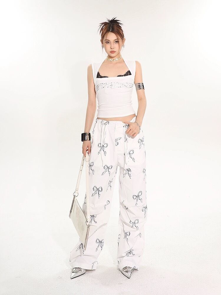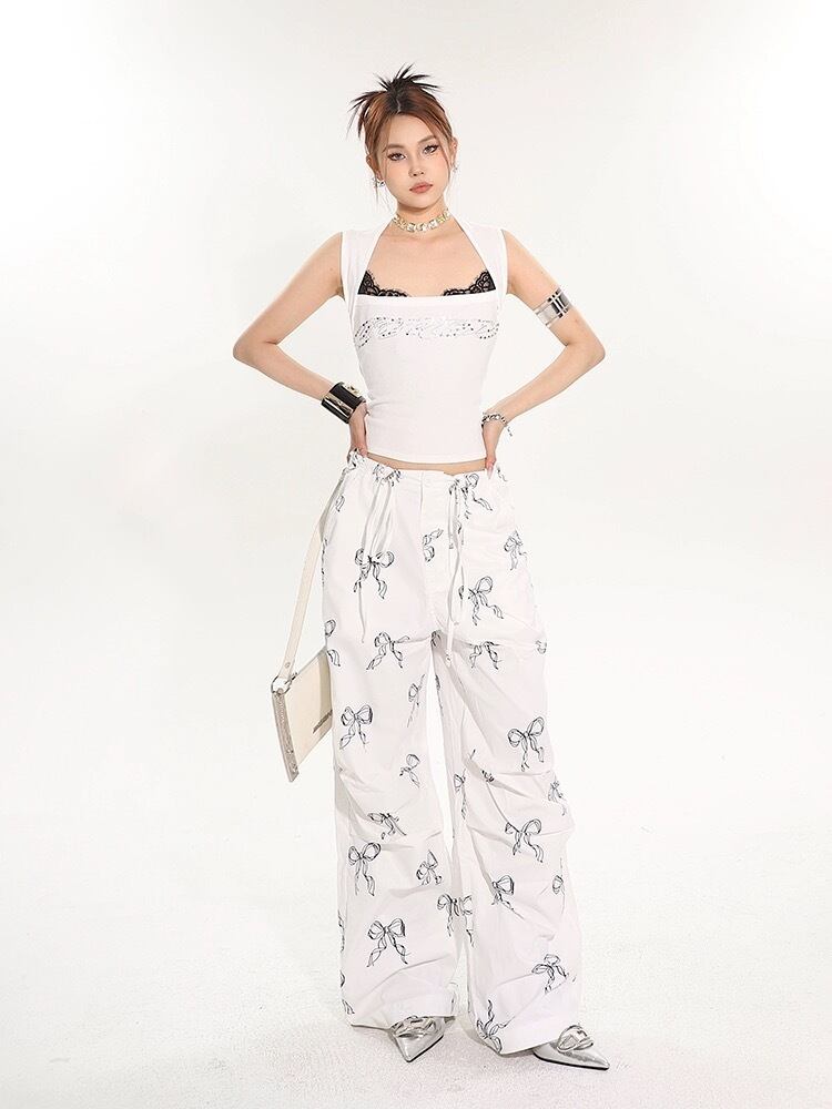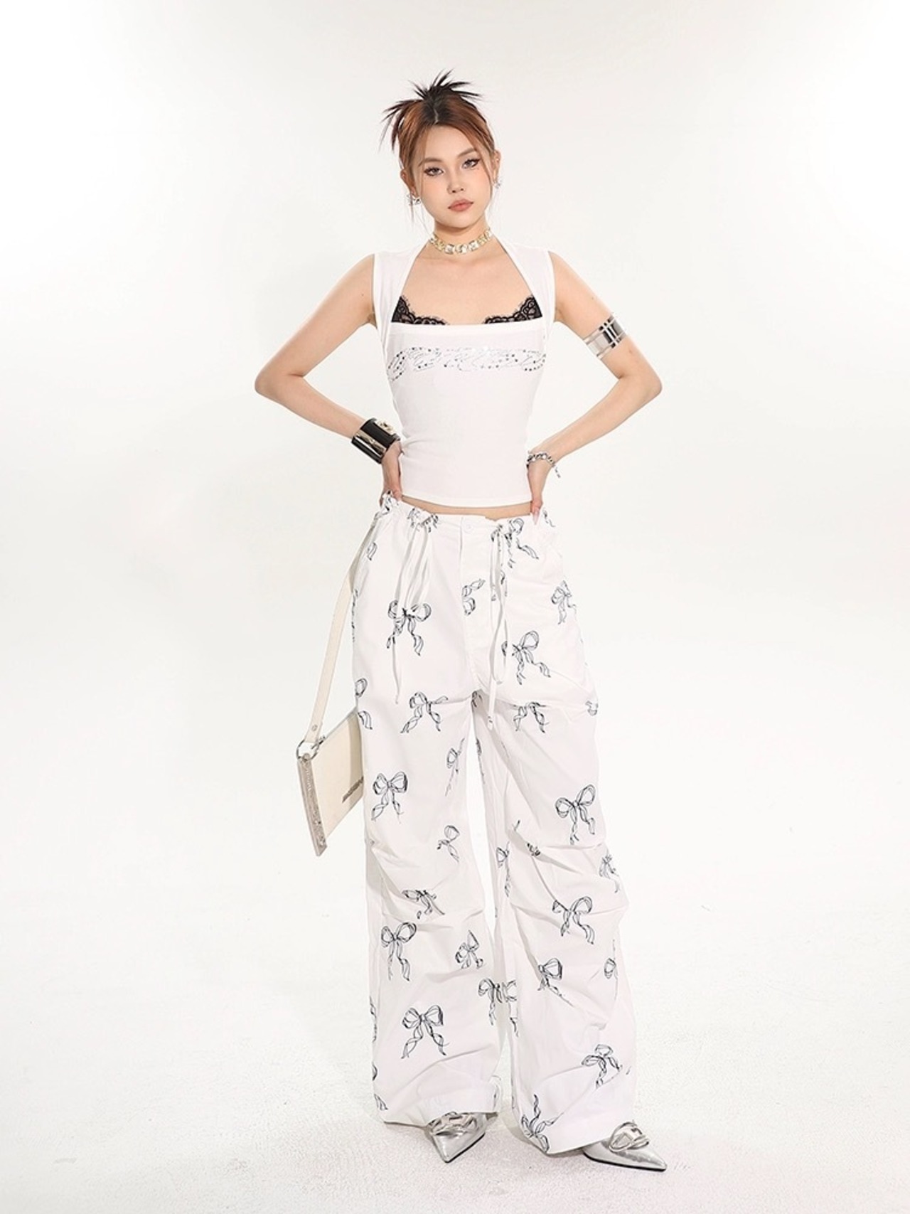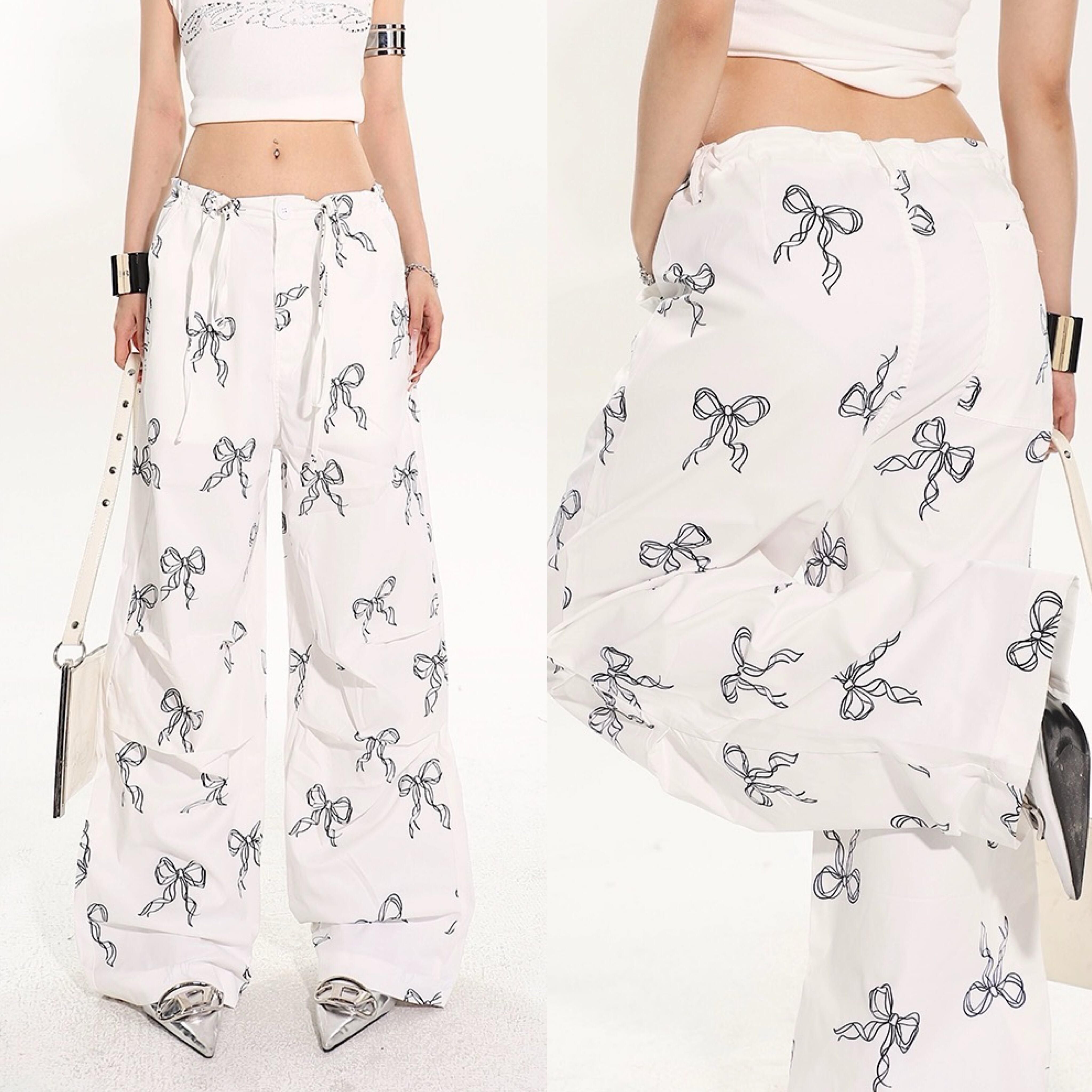 パンツ 白 スウェット リボン カジュアル ガーリー
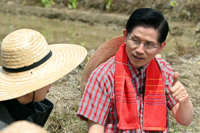 김문수 국민의힘 대통령 후보가 21일 오후 경기 고양시 덕양구 화정동 일대 논에서 청년농업인들과 새참간담회를 하고 있다. 공동취재사진 |
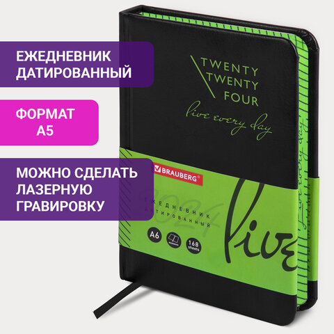 Ежедневник датированный Brauberg Chameleon черный/зеленый, А6, под кожу, 2024
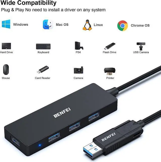 INTEGRATED DESIGN - The integrated-designed BENFEI USB-C/USB 3.0 HUB expands your laptop with 4 addtional USB 3.0 Port. And with 2in1 USB-C/USB 3.0 design, BENFEI USB Hub could works with computer or laptop by USB 3.0 / 2.0 slot or the latest USB Type-C (Thunderbolt 3) slot. A universal card USB Hub solution.
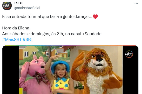 “Essa entrada triunfal que fazia a gente darnçar… Hora da Eliana Aos sábados e domingos, às 21h, no canal +Saudade”, escreveu o perfil do +SBT na publicação de um vídeo, onde Eliana faz a sua entrada triunfal durante a abertura do seu programa infantil na emissora.
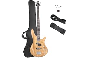 The GLARRY Electric Bass Guitar is a full-size 4-string instrument designed for both beginners and experienced musicians. Its exquisite natural wood finish gives it a stylish appearance, while the powerful sound output ensures a satisfying playing experience. This bass guitar comes complete with a power line, a carrying bag for easy transport, and a wrench tool for maintenance. Whether you're practicing at home or performing on stage, this bass guitar offers quality and durability.
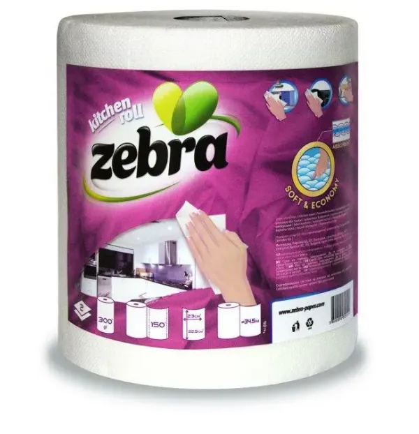 Prosoape de bucătărie Zebra este ajutorul dumneavoastră indispensabil în menținerea curățeniei în bucătărie. Produsul este fabricat din 100% celuloză folosind tehnologia "Point to Point", care conferă prosoapelor o textură deosebit de moale și proprietăți excelente de absorbție.
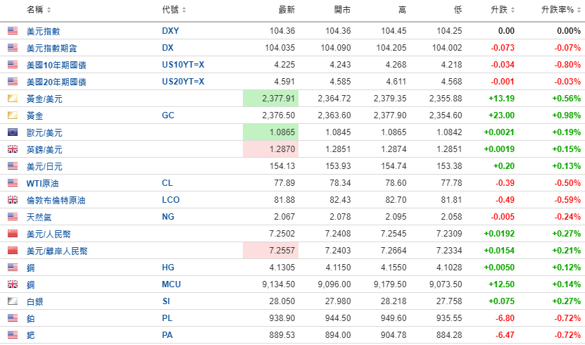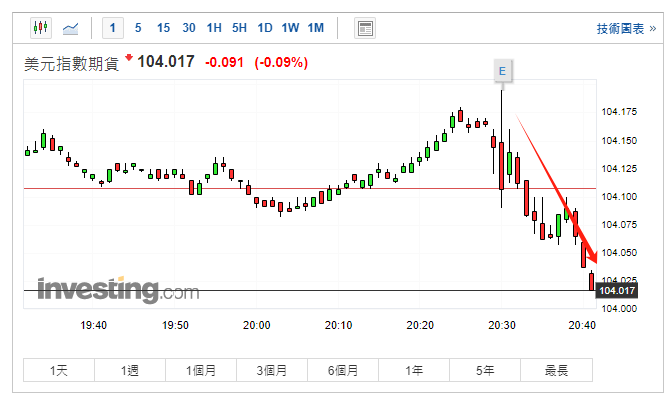 美元指数期货、美元指数在PCE数据公布后走低。

☆ ☆ ☆

WHAT THIS TASK INVOLVES: Give back only the lines from the one that carries "Prosoape de bucătărie" through the final line above, both included. Drop all pictures.

RESPONSE:
 Prosoape de bucătărie Zebra este ajutorul dumneavoastră indispensabil în menținerea curățeniei în bucătărie. Produsul este fabricat din 100% celuloză folosind tehnologia "Point to Point", care conferă prosoapelor o textură deosebit de moale și proprietăți excelente de absorbție.
 美元指数期货、美元指数在PCE数据公布后走低。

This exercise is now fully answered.